Reproduce the listing in full, exactly as written, but without images.

PROVIDED MATERIAL ▸
*** Begin section ***

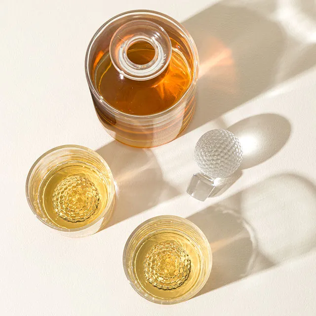 Pour your preferred whiskey, bourbon, or scotch into the decanter and use the matching glasses for serving. The textured golf-ball bases provide grip and playful design flair. Always handwash to maintain the crystal’s brilliance and avoid dishwasher damage.
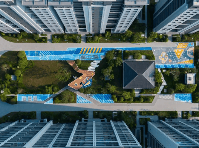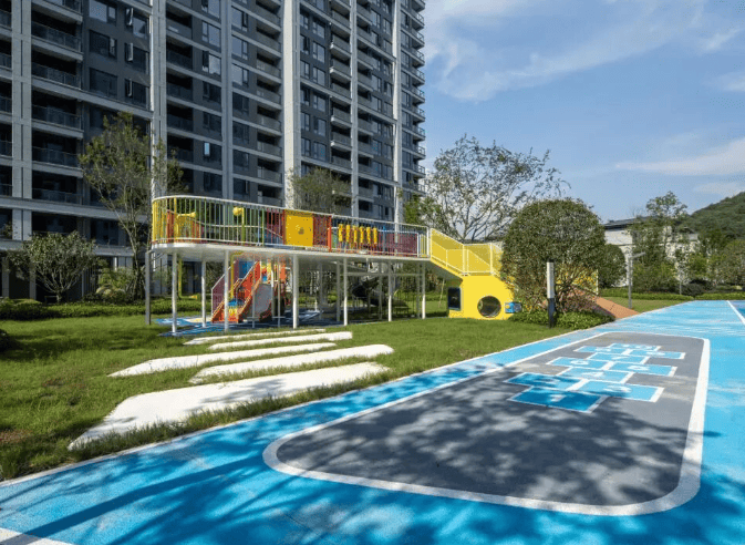 在高层和合院之间打造了一条约 300 米的娜塔栎树阵,二期最北面有樱花大道。小区内部还规划有全龄段儿童天地、景观会客厅、主题架空层、阳光草坪及游廊、回环式健康跑道、滨水游步道等设施,满足业主休闲需求。
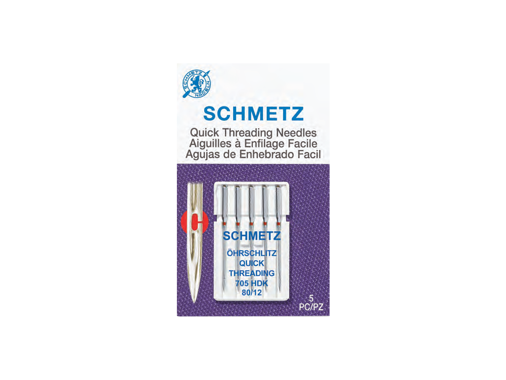 Strojové jehly s rychlým navlékáním 80; 90 Schmetz na kartě 020841

*** End section ***

RESPONSE TO THIS TASK ▸
 Pour your preferred whiskey, bourbon, or scotch into the decanter and use the matching glasses for serving. The textured golf-ball bases provide grip and playful design flair. Always handwash to maintain the crystal’s brilliance and avoid dishwasher damage.
 在高层和合院之间打造了一条约 300 米的娜塔栎树阵,二期最北面有樱花大道。小区内部还规划有全龄段儿童天地、景观会客厅、主题架空层、阳光草坪及游廊、回环式健康跑道、滨水游步道等设施,满足业主休闲需求。
 Strojové jehly s rychlým navlékáním 80; 90 Schmetz na kartě 020841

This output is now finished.